(Items from a dataset)
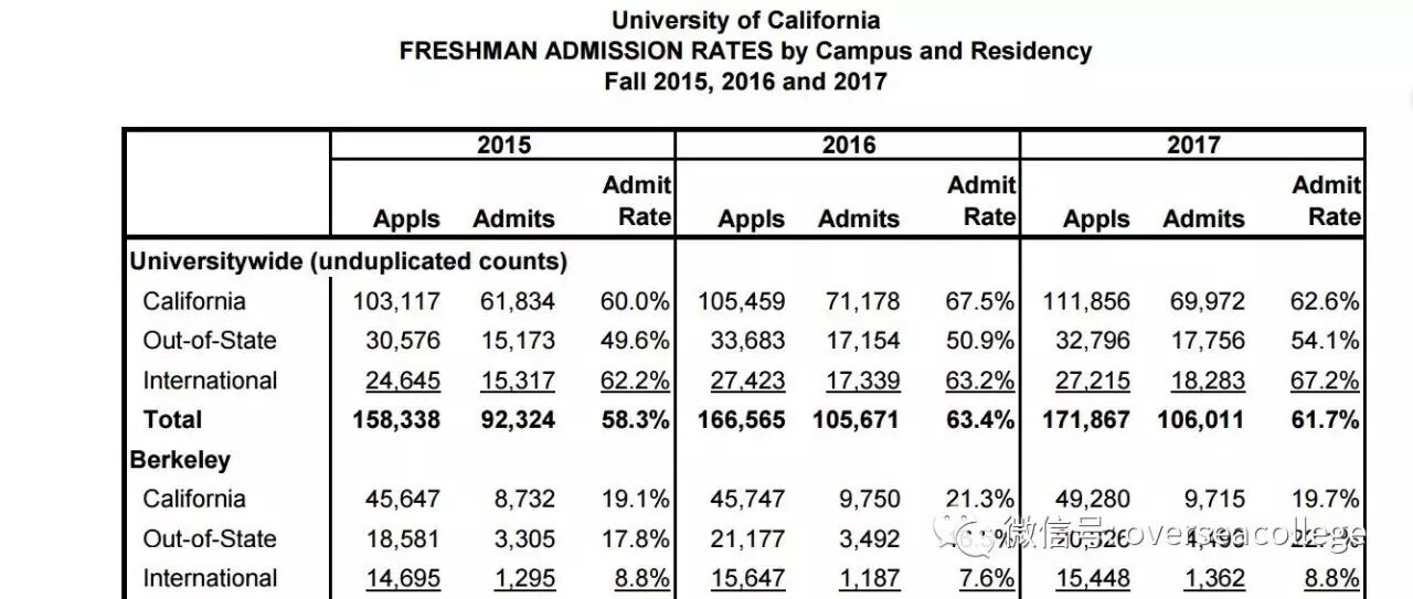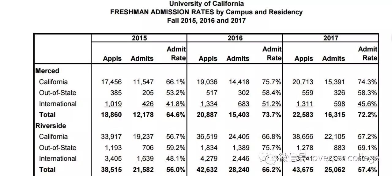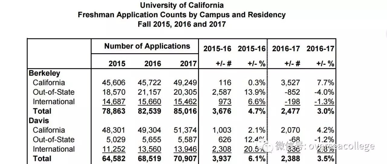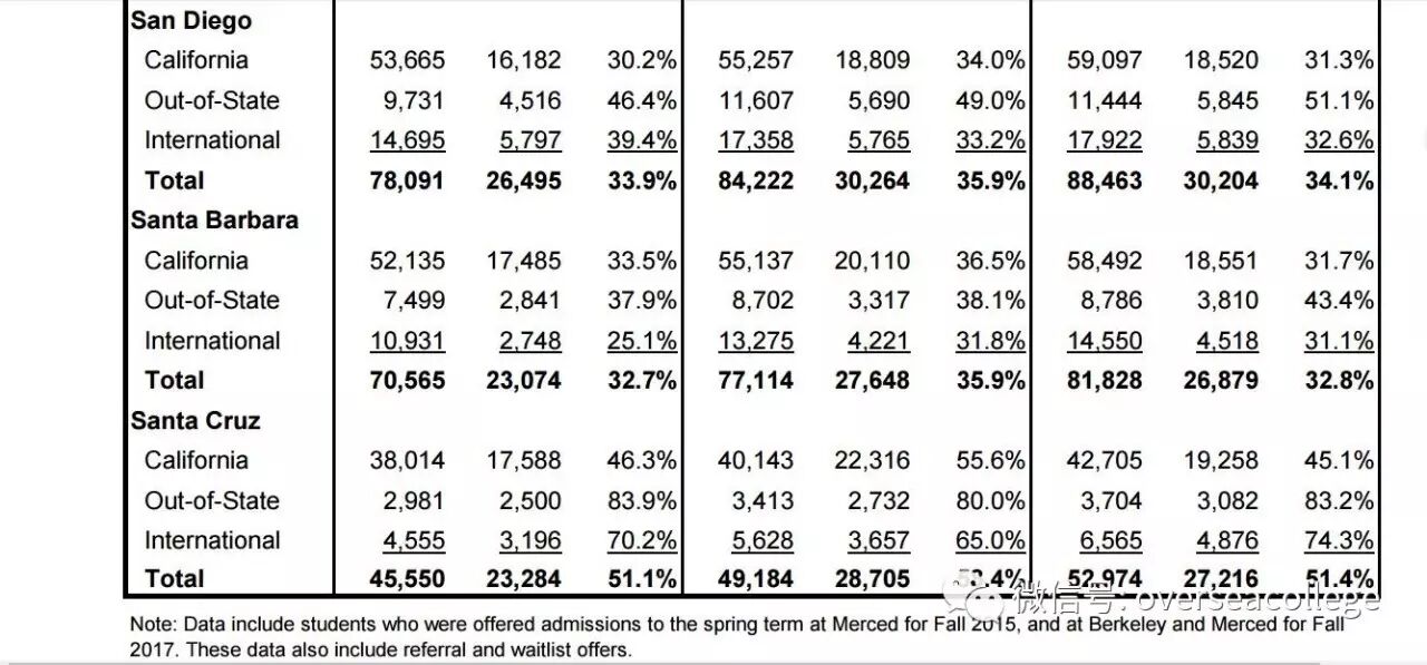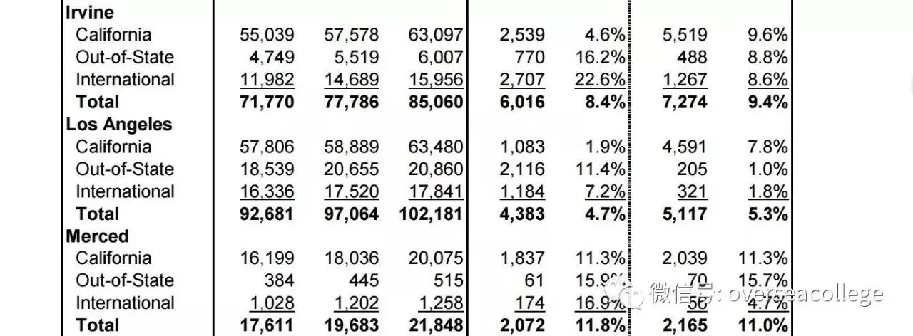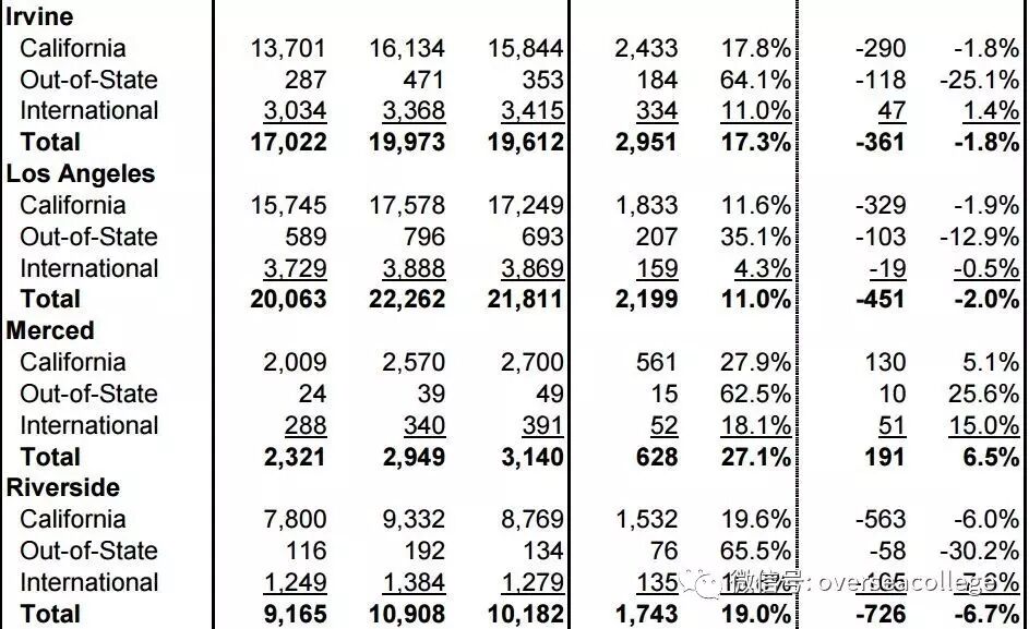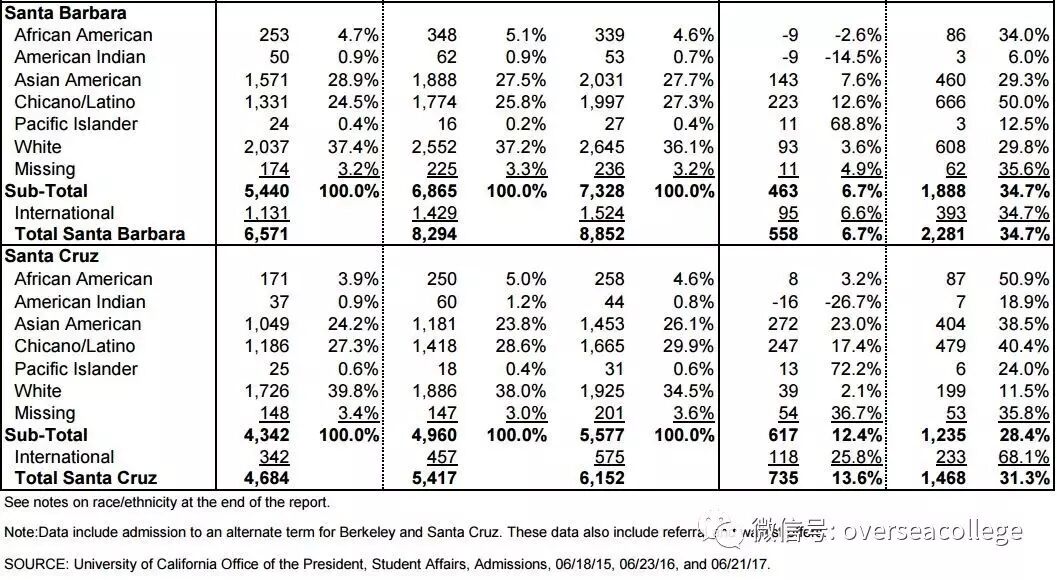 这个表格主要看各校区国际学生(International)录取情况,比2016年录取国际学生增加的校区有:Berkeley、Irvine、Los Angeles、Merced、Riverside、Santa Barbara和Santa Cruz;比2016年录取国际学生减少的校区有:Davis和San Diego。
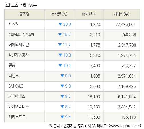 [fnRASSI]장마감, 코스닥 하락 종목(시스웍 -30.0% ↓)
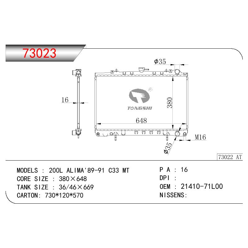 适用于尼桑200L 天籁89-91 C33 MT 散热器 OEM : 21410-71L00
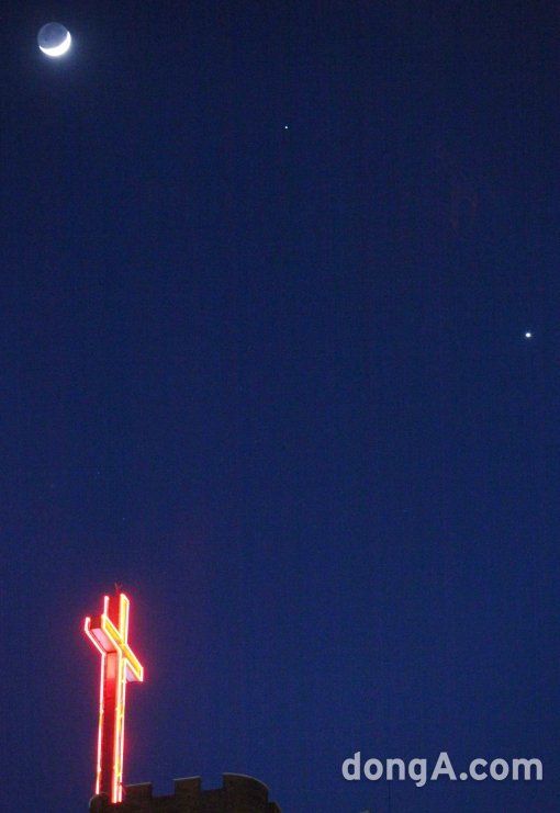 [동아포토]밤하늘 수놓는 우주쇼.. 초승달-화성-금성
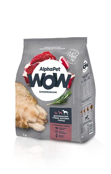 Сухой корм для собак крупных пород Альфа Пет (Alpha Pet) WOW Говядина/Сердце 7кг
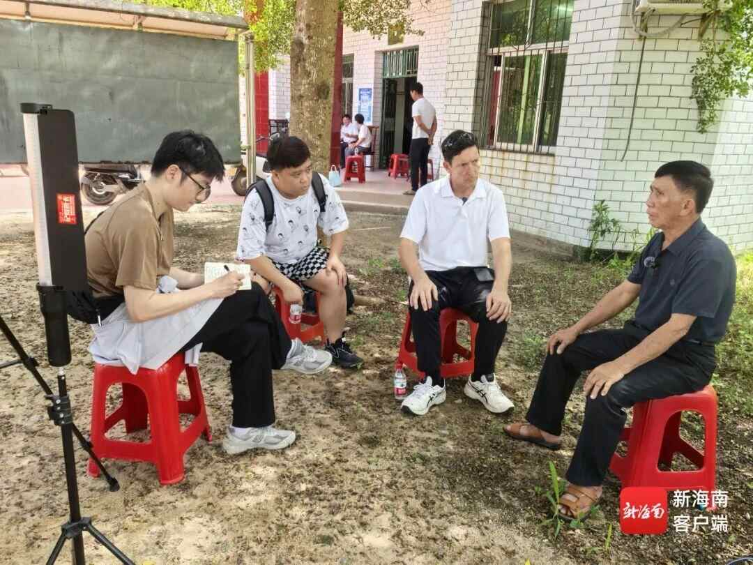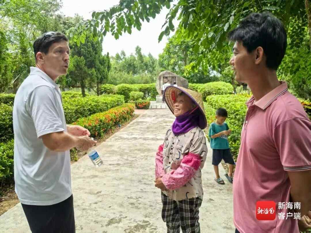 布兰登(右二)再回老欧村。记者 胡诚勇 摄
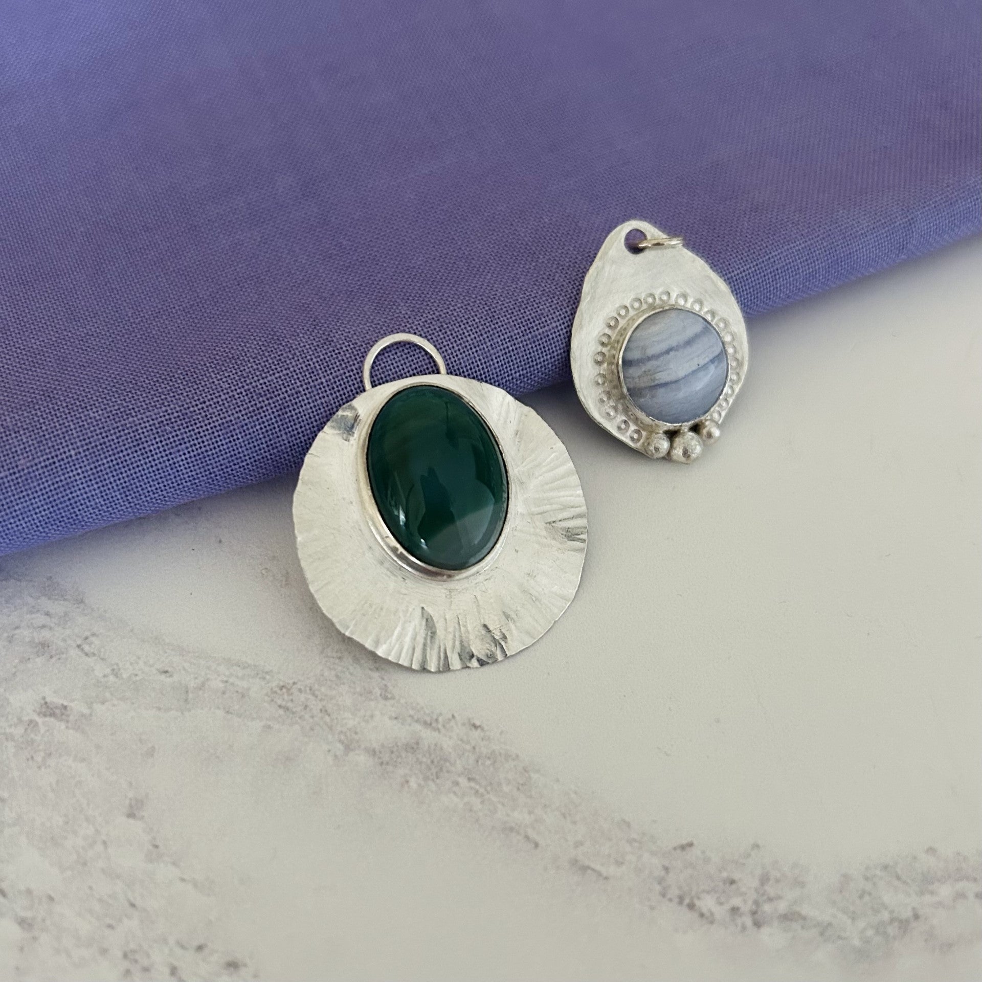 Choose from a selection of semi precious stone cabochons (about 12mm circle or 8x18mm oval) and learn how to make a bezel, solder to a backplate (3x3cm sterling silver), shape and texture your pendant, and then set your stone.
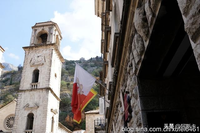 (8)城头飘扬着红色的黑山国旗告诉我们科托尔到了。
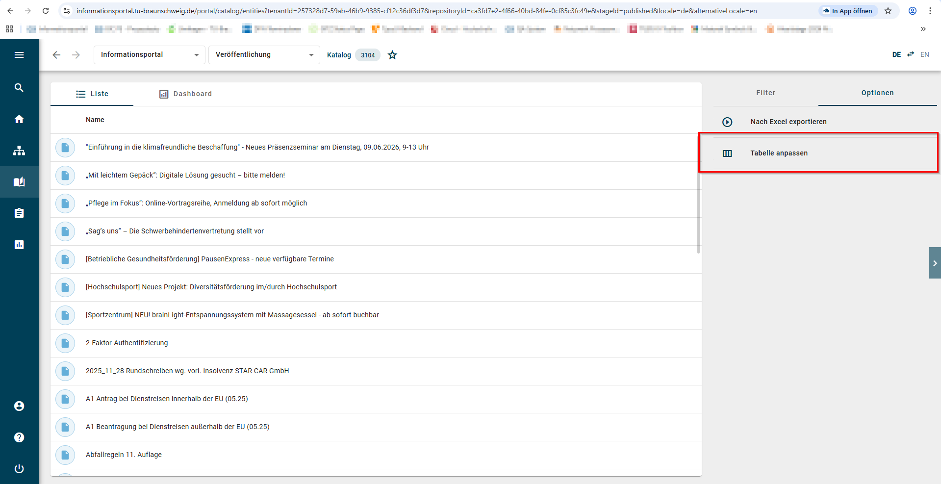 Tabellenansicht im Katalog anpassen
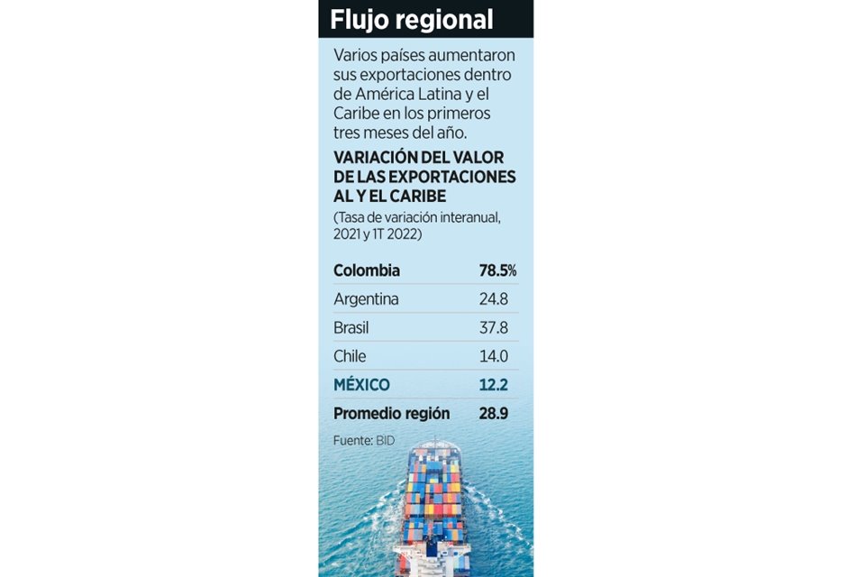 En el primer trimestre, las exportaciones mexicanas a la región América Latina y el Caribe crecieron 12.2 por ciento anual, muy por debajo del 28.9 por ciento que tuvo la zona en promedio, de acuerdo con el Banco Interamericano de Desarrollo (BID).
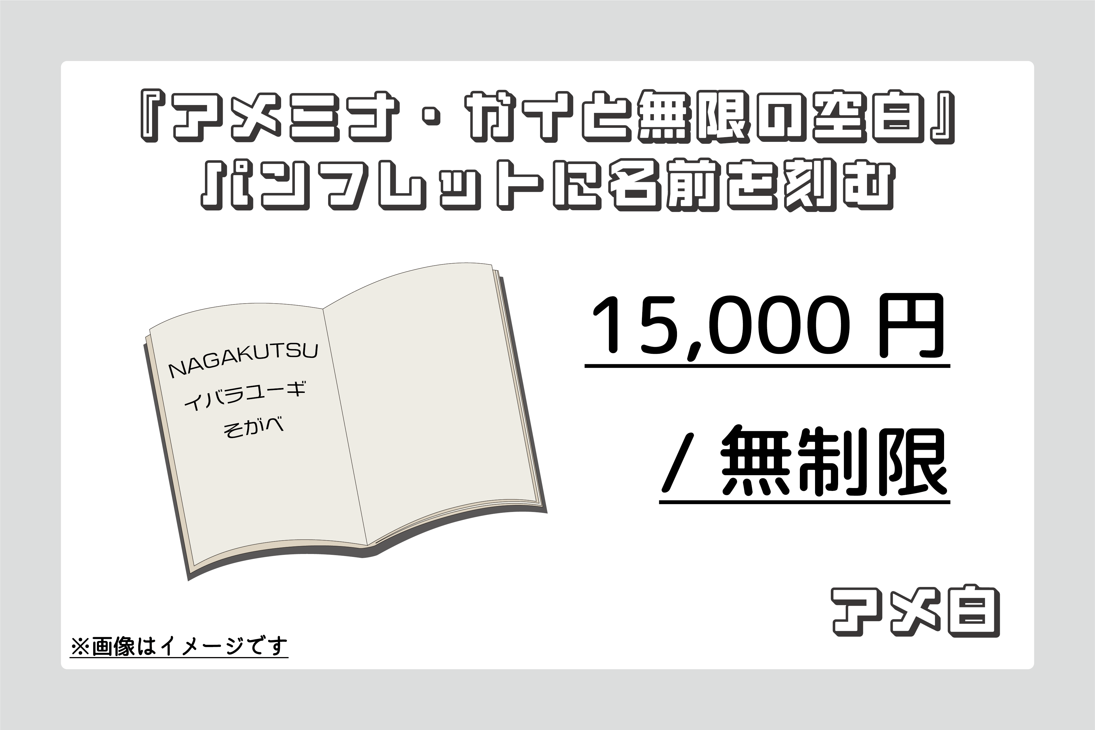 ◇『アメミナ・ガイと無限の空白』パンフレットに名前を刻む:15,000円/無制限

» **What is required**
When you find the line that contains "Tabellenansicht im Katalog anpassen", retype it and every line after it through the end of the data above, exactly, with no pictures.

» **Problem solution**
 Tabellenansicht im Katalog anpassen
 En el primer trimestre, las exportaciones mexicanas a la región América Latina y el Caribe crecieron 12.2 por ciento anual, muy por debajo del 28.9 por ciento que tuvo la zona en promedio, de acuerdo con el Banco Interamericano de Desarrollo (BID).
 ◇『アメミナ・ガイと無限の空白』パンフレットに名前を刻む:15,000円/無制限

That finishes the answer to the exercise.